Concept

Walther Nernst

Summary
Walther Hermann Nernst (ˈvaltɐ ˈnɛʁnst; 25 June 1864 – 18 November 1941) was a German chemist known for his work in thermodynamics, physical chemistry, electrochemistry, and solid state physics. His formulation of the Nernst heat theorem helped pave the way for the third law of thermodynamics, for which he won the 1920 Nobel Prize in Chemistry. He is also known for developing the Nernst equation in 1887. Nernst was born in Briesen in West Prussia (now Wąbrzeźno, Poland) to Gustav Nernst (1827–1888) and Ottilie Nerger (1833–1876). His father was a country judge.

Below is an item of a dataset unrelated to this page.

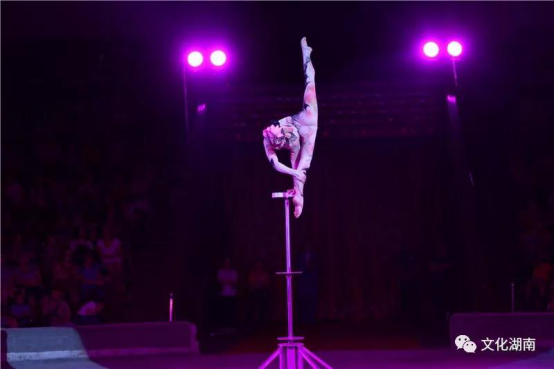 湖南省杂技艺术剧院打造的《丝路芳华——柔术造型》以敦煌壁画的元素为表现形式,以非物质文化遗产的湖南柔术为表现内容,展现了无悔青春,永攀高峰的奋斗精神。《荷韵——单手倒立》则以中国水墨画为基础美学设计,通过行云流水般高难的倒立技巧,呈现气韵生动的传统文化意境。

Nernst had three older sisters and one younger brother. His third sister died of cholera. Nernst went to elementary school at Graudenz (now Grudziądz). He studied physics and mathematics at the universities of Zürich, Berlin, Graz and Würzburg, where he received his doctorate 1887. In 1889, he finished his habilitation at University of Leipzig. It was said that Nernst was mechanically minded in that he was always thinking of ways to apply new discoveries to industry. His hobbies included hunting and fishing. His friend Albert Einstein was amused by "his childlike vanity and self-complacency" "His own study and laboratory always presented aspects of extreme chaos which his coworkers termed appropriately 'the state of maximum entropy'". Nernst married Emma Lohmeyer in 1892 with whom he had two sons and three daughters. Both of Nernst's sons died fighting in World War I. With his colleagues at the University of Leipzig, Jacobus Henricus van’t Hoff and Svante Arrhenius, was establishing the foundations of a new theoretical and experimental field of inquiry within chemistry and suggested setting fire to unused coal seams to increase the global temperature. He was a vocal critic of Adolf Hitler and Nazism, and two of his three daughters married Jewish men. After Hitler came to power they emigrated, one to England and the other to Brazil. Nernst started university at Zurich in 1883, then after an interlude in Berlin, he returned to Zurich.